For luxury sandwiches with expensive ingredients, 28-32% food cost is acceptable. This is higher than regular dishes because the ingredients are more valuable and guests are willing to pay more.
Should I include VAT in my cost price calculation?
No, always calculate with prices excluding VAT. Divide the cost price of ingredients by the selling price excl. VAT. Then add 9% VAT to get the menu price.
How do I handle seasonal price fluctuations?
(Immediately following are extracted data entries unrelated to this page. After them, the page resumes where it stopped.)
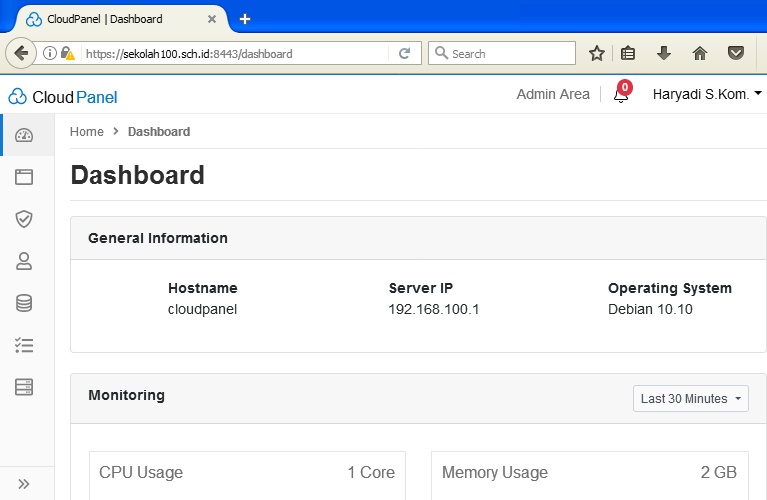 Ketikkan user admin yang telah kita buat sebelumnya, isikan password-nya dan klik tombol “Login”. Dan dashboard CloudPanel akan tampil di layar.
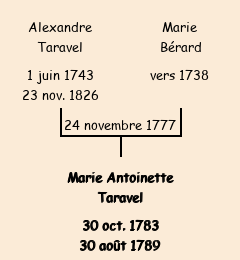 Mère : Marie Bérard | Marraine : Jeanne Marie Taravel (fille du dit Alexandre ) |
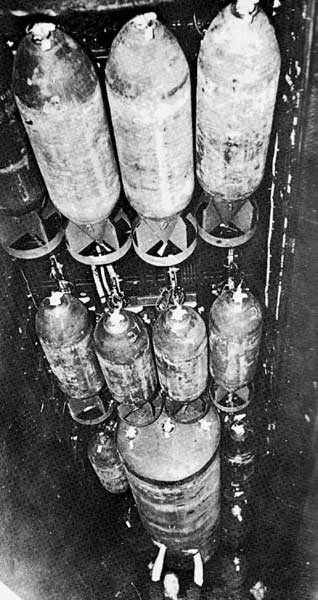 C начала 1944 г. наличие истребительного сопровождения на всем пути позволило экипажам бомбардировщиков целиком сосредоточиться на бомбометании с помощью нескольких самолетов, оснащенных специальной аппаратурой. Один такой лидер вел бомбардировочную эскадрилью из 12 машин, а три эскадрильи образовывали группу в форме наконечника стрелы. И, наконец, последнее усовершенствование, введенное в феврале 1945 г., когда немцы стали прикрывать города концентрированными массами зенитных батарей, выразилось в формировании группы из четырех эскадрилий по девять бомбардировщиков, следовавших на разных высотах с целью усложнить вражеским зенитчикам правильную установку прицелов и снарядных трубок.
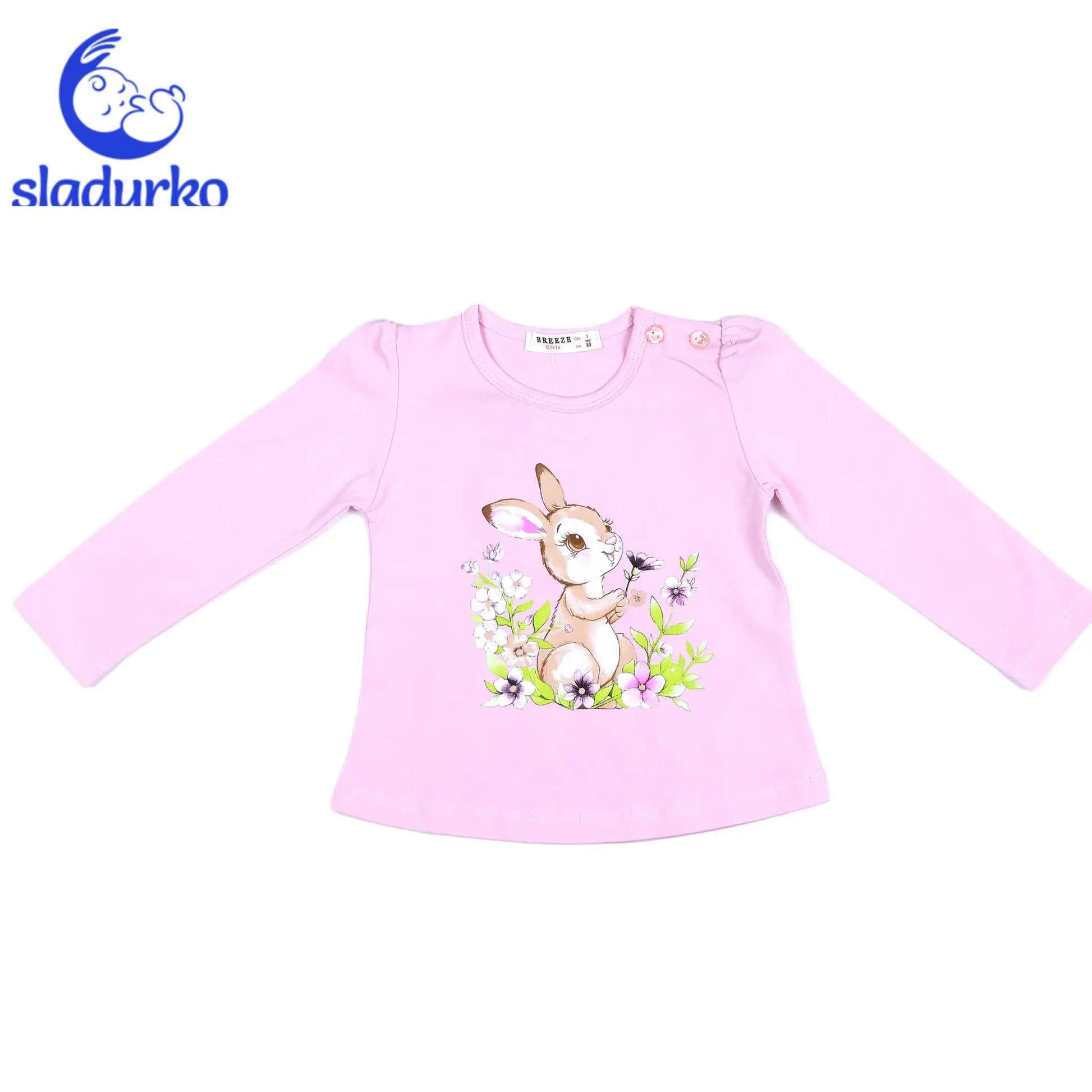 Блузка с дълъг ръкав цвят розов с принт зайче
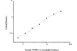 Intra-assay Precision (Precision within an assay): 3 samples with low, mid range and high level Human PCPE1 were tested 20 times on one plate, respectively. Inter-assay Precision (Precision between assays): 3 samples with low, mid range and high level Human PCPE1 were tested on 3 different plates, 20 replicates in each plate. Both intra-CV and inter-CV are < 10 %.
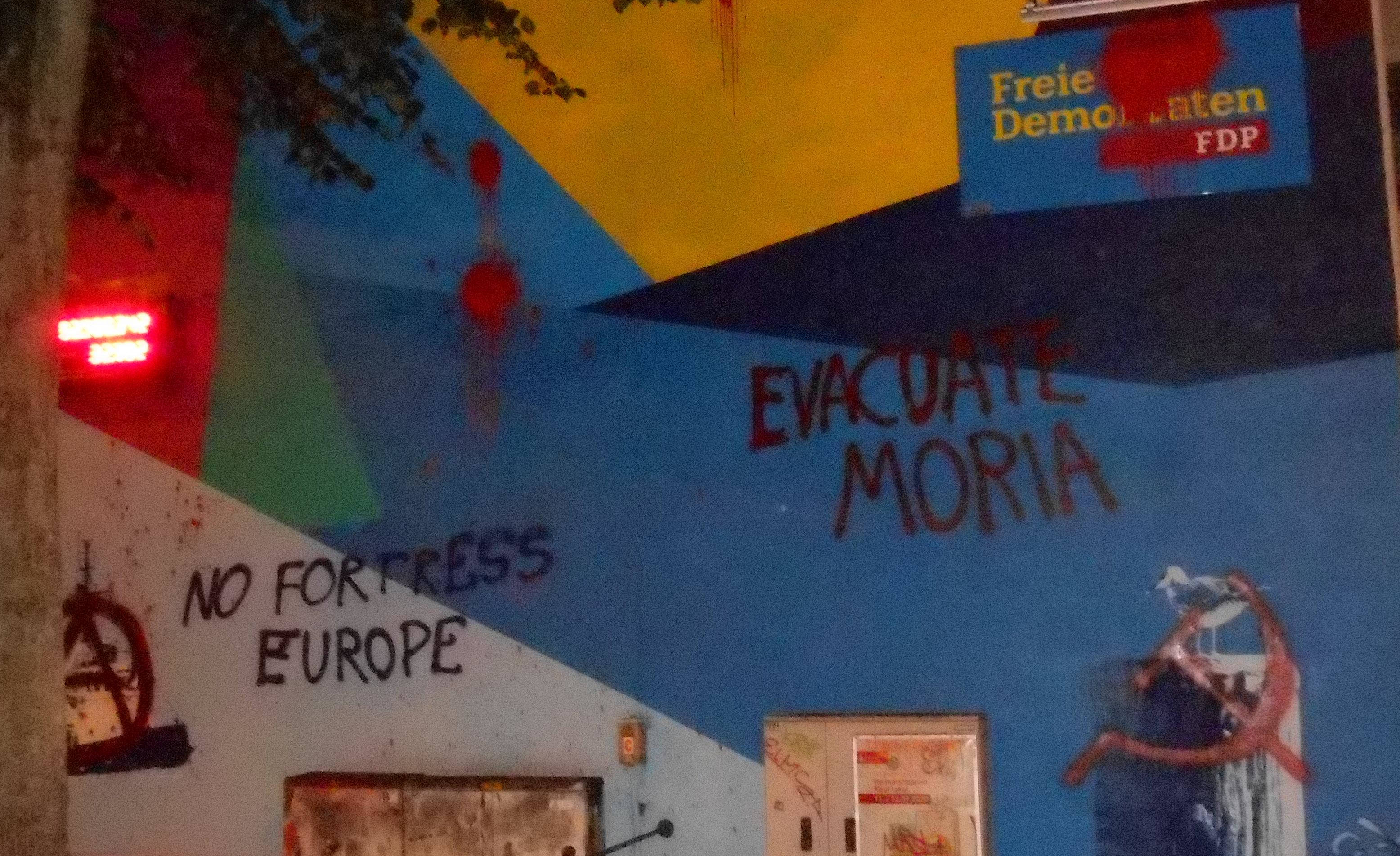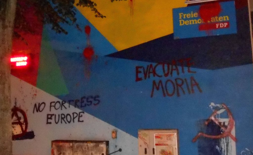 In der Bremer Innenstadt wurden in der Nacht auf Dienstag diverse Parteibüros mit „Evacuate Moria“ beschriftet und mit Farbbeuteln beworfen.
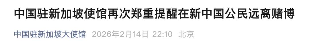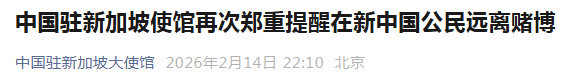 中国公民境外赌博相关法律风险与领事提醒 - 中国法律严禁赌博,刑法修正案已将跨境赌博正式入刑,中国公民跨境赌博涉嫌触犯中国法律,参与组织赌博等行为将被依法追究,使领馆无法对违法行为提供领事保护 [1] - 中国驻新加坡大使馆处理了数起因赌博导致的死亡案件,并再次郑重提醒来新中国游客及在新中国公民切实增强法律意识,远离赌博 [1] 赌博活动带来的个人与社会危害 - 参与赌博面临财散、家破、人亡的不归之路 [1] - 跨境赌博还可能带来诈骗、洗钱、绑架、拘禁、拐卖、偷渡等衍生风险 [1] 中国打击跨境赌博的举报渠道 - 中国公安部已开通打击治理跨境赌博综合举报平台,接受关于中国公民在境外开设或经营赌场、组织招揽中国公民赴境外赌博或参与跨境网络赌博相关线索的举报 [1] - 举报渠道包括举报邮箱(110@interpol.gov.cn)、传真(0086-10-66261404)以及“拒绝跨境赌博”微信公众号 [2]
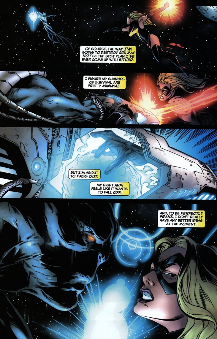 Unfortunately, before the television show airs, she intercepts an alien over Georgia. The fight lasts about two issues, all of which I’m skipping. But here’s the gist of it:
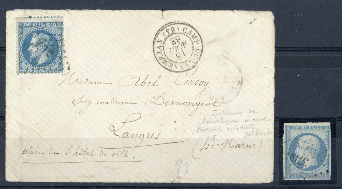 1868 (18 Aug.) envelope to Langres franked 1862 20c. with "clz" in lozenge cancellation and "camp de lannemezan" c.d.s. alongside; transit and arrival markings on reverse; fine. Also 1853-61 20c. milky blue with "3768 small figures cancellation of Jaffa. Each with A. Brun certificate (1961 or 1963)

Update your cost prices monthly, especially for luxury ingredients like avocado and certain fish. Consider seasonal alternatives or adjust your portion sizes if prices get too high.
What if my calculated selling price is too high for my market?
Reduce your portions, replace expensive ingredients with cheaper alternatives, or make more elements yourself (like sauces). You can also adjust the composition without losing the luxury character.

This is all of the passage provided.